Transfer learning is the practice of taking a model that has already learned a great deal from one task and reusing that knowledge as a head start on a different but related task. The intuition is the same as in people: someone who already plays the piano learns the organ far faster than a complete beginner, because most of the underlying skill carries over. Rather than train a new model from scratch on a small dataset, which rarely works well, a team starts from a model that has already absorbed broad patterns and adapts it.
The idea was surveyed and organized by Sinno Jialin Pan and Qiang Yang in their 2010 paper “A Survey on Transfer Learning,” published in IEEE Transactions on Knowledge and Data Engineering, which catalogued the situations where reusing knowledge across tasks helps and where it does not. The paper named the central challenge: in the real world, the data you trained on and the data you face later often differ in distribution, and transfer learning is the set of techniques for bridging that gap.

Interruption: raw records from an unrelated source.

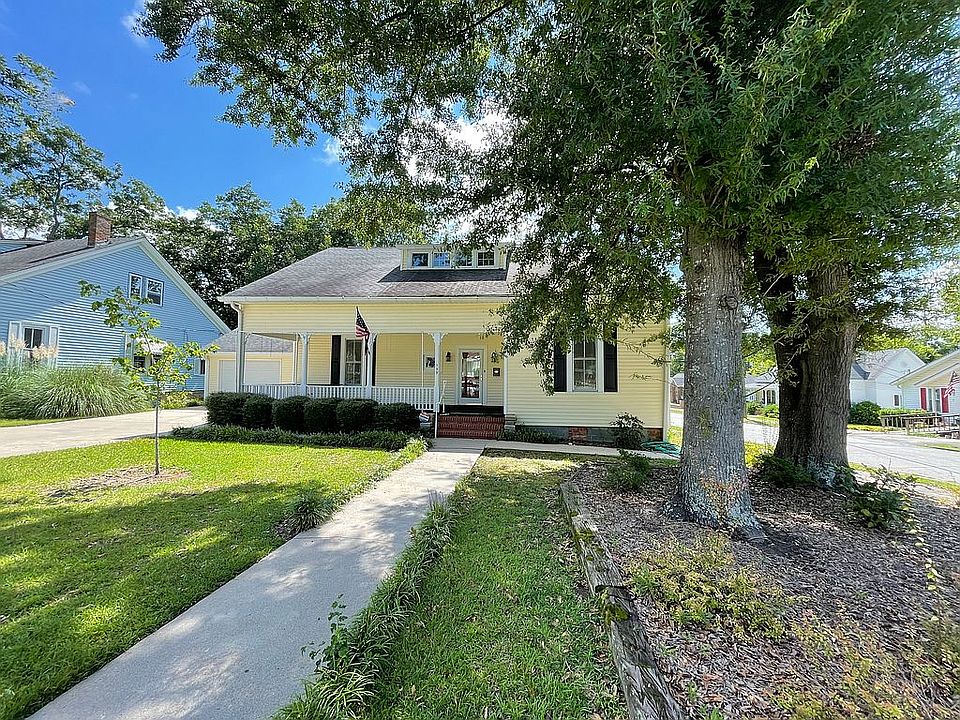 Charming fixer upper located in the historic district of downtown Elberton. Main floor has 2 large bedrooms (one has been used as an office), 1 bath. Formal living and dining room. Utility room. Screened in back porch. Kitchen includes stove, refrigerator and dishwasher. Breakfast room and large den across the back of the house. And a 1 car attached garage. 2nd floor is a finished attic space with 3 bedrooms and den area that only need HVAC, paint and carpet. One bath upstairs needs total renovation.
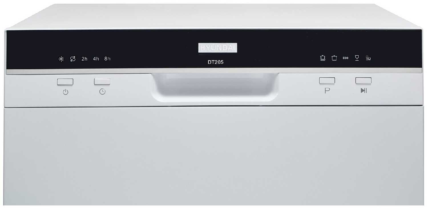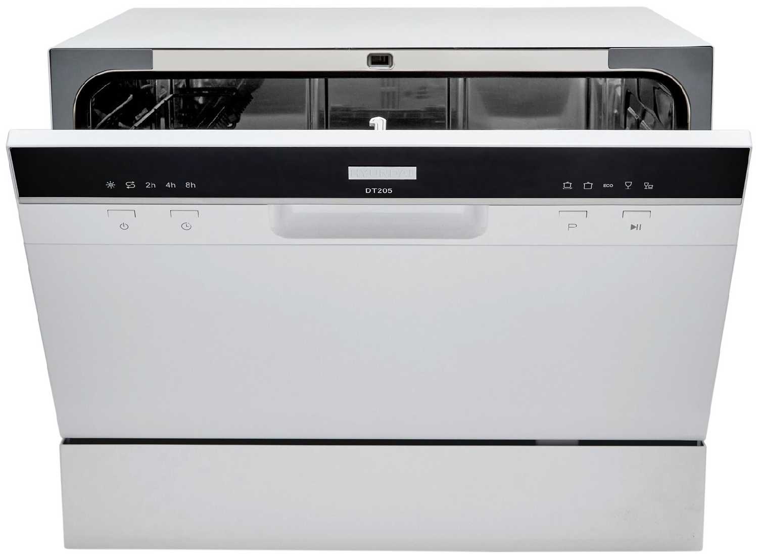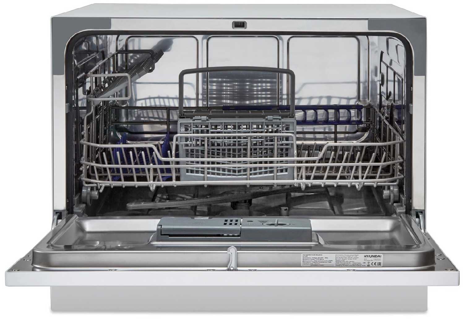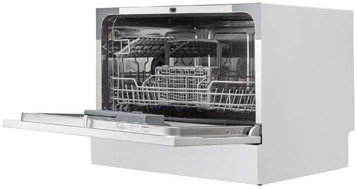 - Несмотря на малые габариты, внутреннее пространство рассчитано на 6–8 комплектов посуды за цикл.
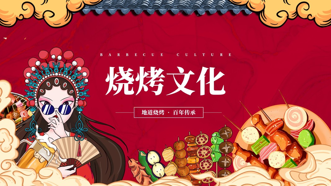免费PPT模板!烧烤串串夜市啤酒餐饮美食PPT模板
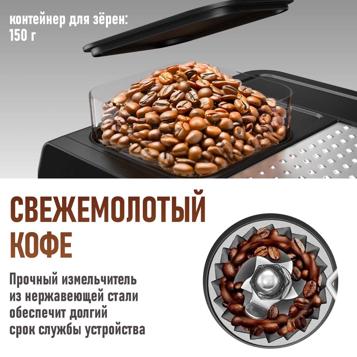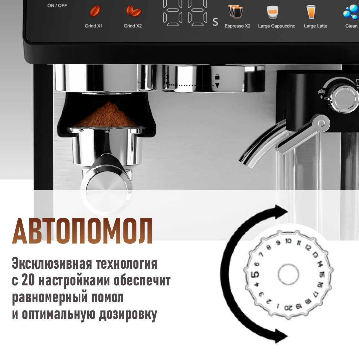 - Регулируемый держатель рожка адаптируется под разный объем молотого кофе (7-9 г).
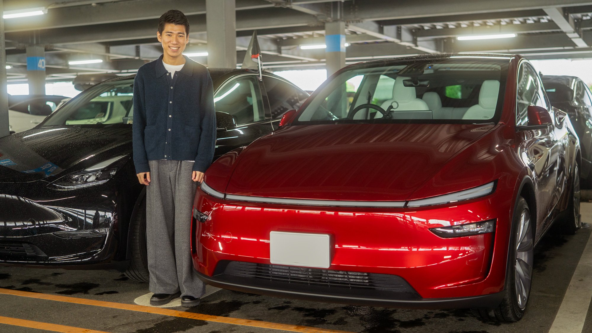先月納車されたばかりというテスラ モデル Y ロングレンジの前で取材に答えてくれたのはユーチューバーのRayさん。電気自動車についてYouTube(@raydaofficial)でさまざまな情報を発信しています。聞けば、2020年1月からテスラユーザーで、モデル 3を2台、モデル Y パフォーマンスを経て、通称ジュニパーと呼ばれるこの新型が4台目のテスラだそうです。
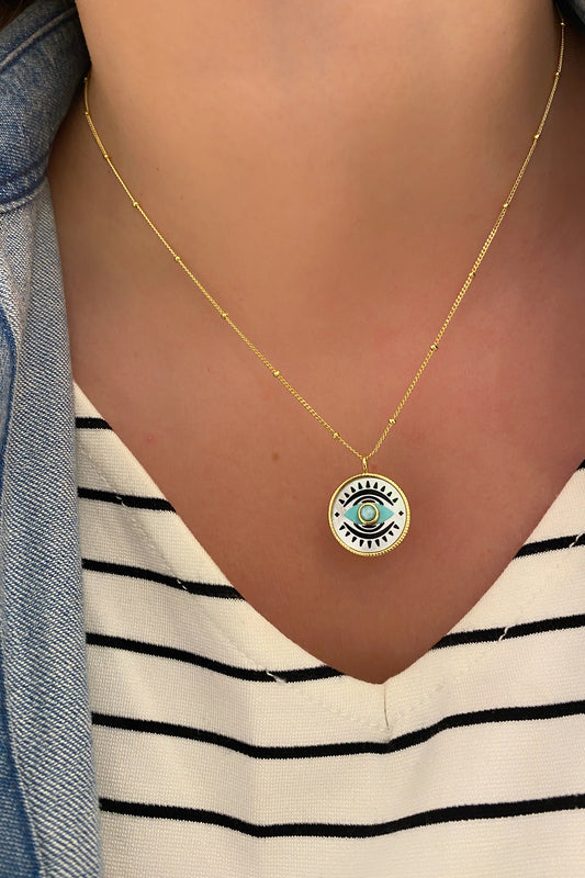 Turkuaz Detay Sedef Göz Yuvarlak Gümüş Kolye
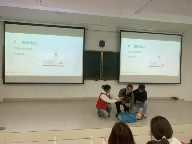 蔡步东主任围绕春季常见传染病特点、传播途径、学校防控措施等方面讲授春季传染病预防知识,并重点明确食堂、宿舍等校园重点公共场所的消毒规范,让大家掌握科学的传染病预防方法。卫任龙主任结合30多年心血管临床经验,传授心肺复苏、体外除颤器的使用方法等核心技能。在场师生认真听讲,积极参与现场实操演练,切实提升了师生健康防护和紧急救护能力。

Transfer learning is the engine behind today’s foundation-model workflow. A model is first pre-trained on an enormous general dataset, the slow and expensive step, learning broad patterns of language or images. Then it is fine-tuned on a much smaller, specific dataset for a particular job. The pre-training is the transferred knowledge; the fine-tuning is the adaptation. This is why a company can build a capable custom system from a few thousand labeled examples instead of the billions the base model required.
Why business readers should care: transfer learning is what makes modern AI affordable for ordinary organizations. It turns a problem that would need a research budget and a giant dataset into one that needs a modest dataset and a fine-tuning run. The honest limit is that transfer helps only when the source and target tasks are genuinely related; forcing a mismatched model onto a distant problem can transfer the wrong assumptions and quietly hurt accuracy, a failure sometimes called negative transfer.